> Task brief:
Only the lines from the beginning of the data through the one with "- 阻抗:75 ohm" belong in the answer, each retyped exactly, with pictures left out.
◇ ◇ ◇ ◇ ◇ ◇ ◇
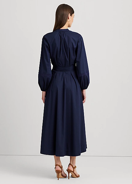 Rehaussée de finitions délicates en dentelle et de manches volumineuses à effet blousant, cette robe-chemise longue est empreinte d’une élégance nonchalante. Ce modèle en coton mélangé stretch léger est rehaussé d’une ceinture assortie qui souligne sa taille.
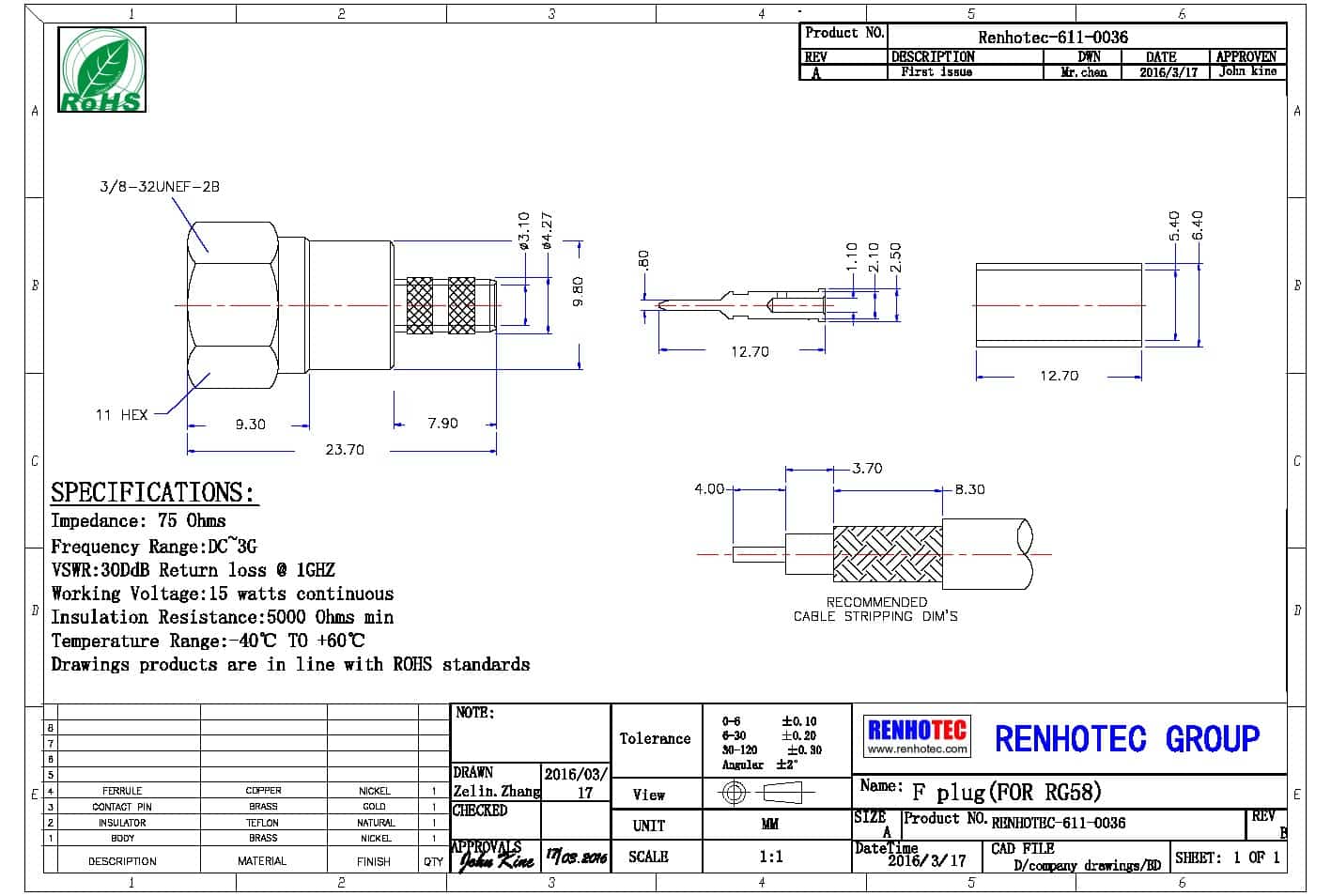 - 阻抗:75 ohm
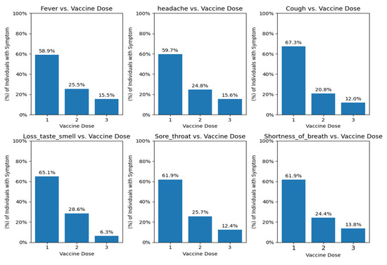 Severe cases may also arise from vaccine-related immune responses, such as Adult-Onset Still’s Disease (AOSD) [53,54] or cytokine storms [55,56], which can cause systemic inflammation and tissue damage. Our data suggest that 40% of hospitalized post-vaccination cases with a sore throat, accompanied by significant muscle and joint pain, can be indicative of AOSD. In some post-vaccination cases, severe symptoms like sore throat and joint pain may indicate AOSD, linked to an excessive inflammatory response triggered by the vaccine. Additionally, It is speculated that the vaccine, particularly in susceptible individuals, may induce excessive production of inflammatory cytokines storms that can lead to conditions like Polyserositis, causing pleural inflammation and fluid buildup, resulting in chest pain and difficulty breathing [57,58]. This highlights the need for personalized post-vaccination monitoring and potential additional booster doses to enhance vaccine effectiveness. Recent trends show fewer sore throat cases with increased vaccine doses (Figure 13) [59], aligning with studies linking vaccine side effects to efficacy [6,7,60,61,62]. This underscores the need to dive deeper into the occurrences of sore throat post-COVID-19 pandemic vaccination, recognizing that further data in this area could greatly benefit and enhance our knowledge. It is essential to emphasize the importance of more comprehensive data to supplement our existing framework despite the inherent biases in self-reported symptoms. As we transition beyond the COVID-19 pandemic, understanding vaccine efficacy and immune response to the virus becomes increasingly crucial. The continual collection and dissemination of reliable data among public entities and researchers remain vital in this context. Alongside advancing our comprehension of symptomatology in diagnosing the disease, the potential integration of new symptoms into forthcoming models should also be considered.
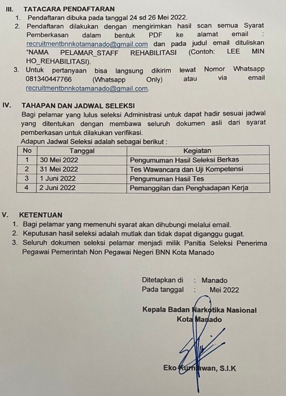 - recruitmentbnnkotamando@gmail.com dengan subject email Nama_STAFF REHABILITASI ( Contoh : LEE MIN HO_REHABILITASI)
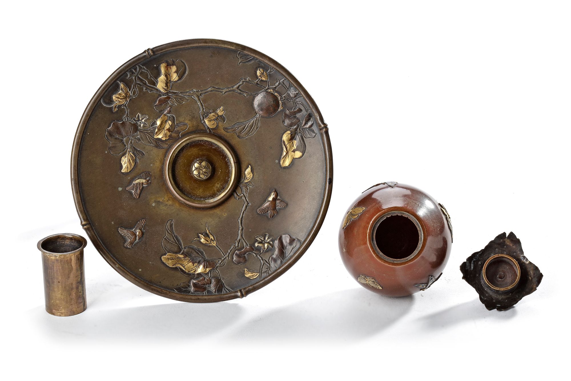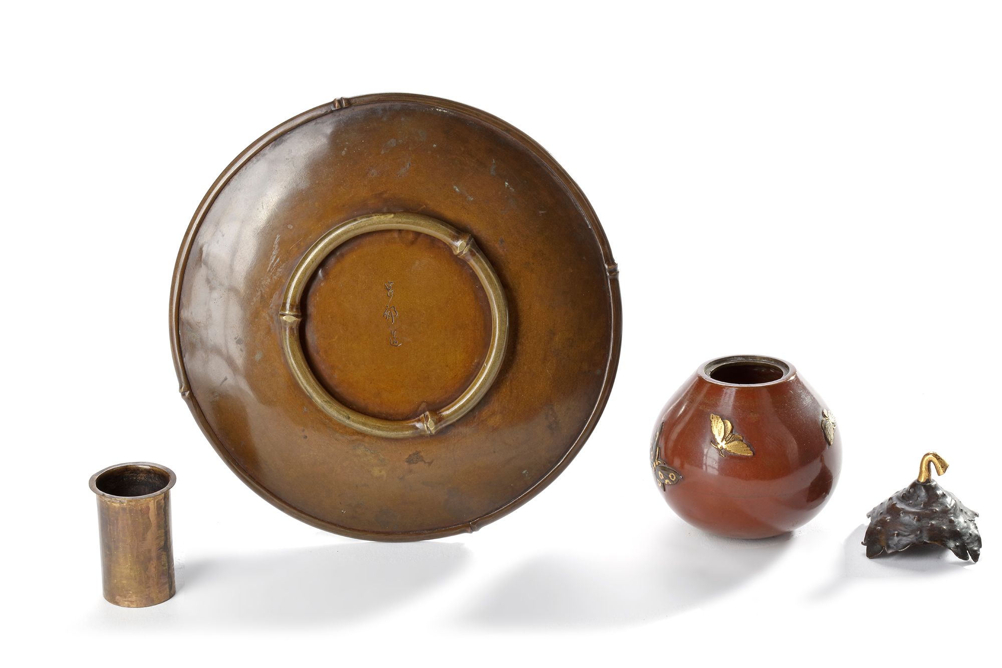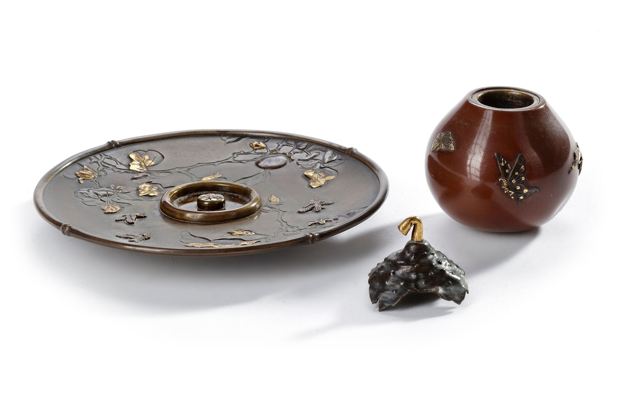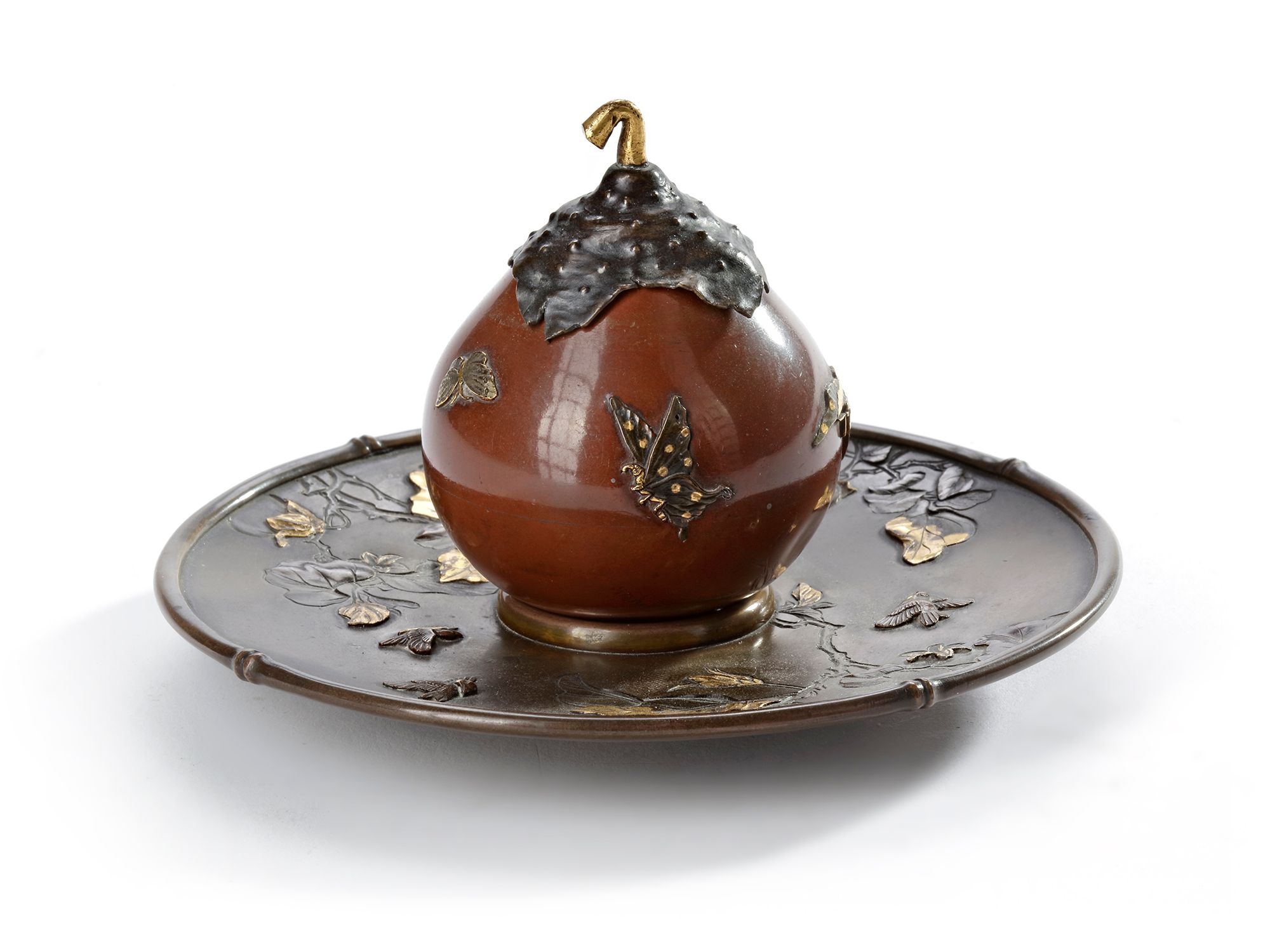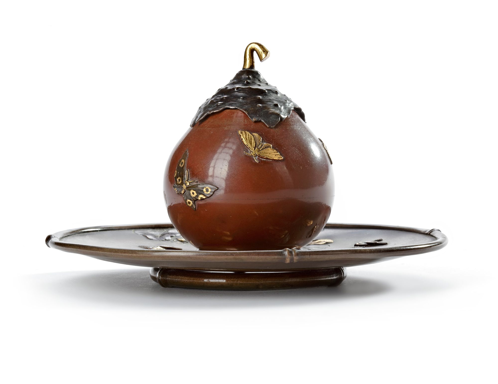 A Japanese bronze fruit stylized with gilt bronze butterflies on a gilt bronze dish carved with floral leafy sprays. Diameter: 12.5 cm.
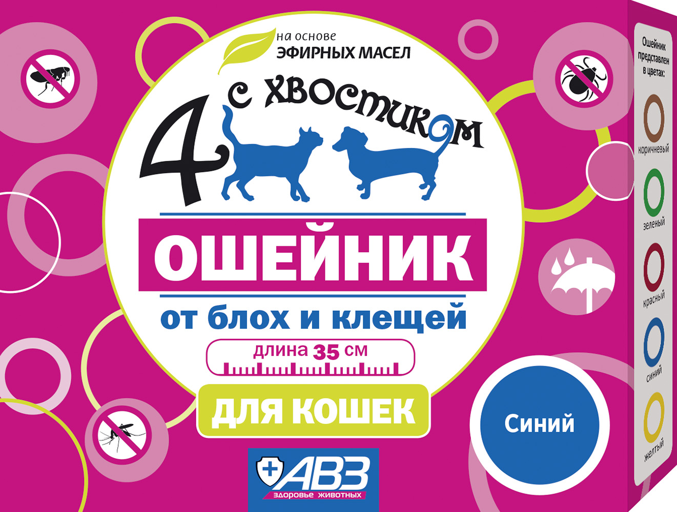 Ошейник Четыре с хвостиком 35см Синий против блох и клещей для кошек
◇ ◇ ◇ ◇ ◇ ◇ ◇
> Expected answer:
 Rehaussée de finitions délicates en dentelle et de manches volumineuses à effet blousant, cette robe-chemise longue est empreinte d’une élégance nonchalante. Ce modèle en coton mélangé stretch léger est rehaussé d’une ceinture assortie qui souligne sa taille.
 - 阻抗:75 ohm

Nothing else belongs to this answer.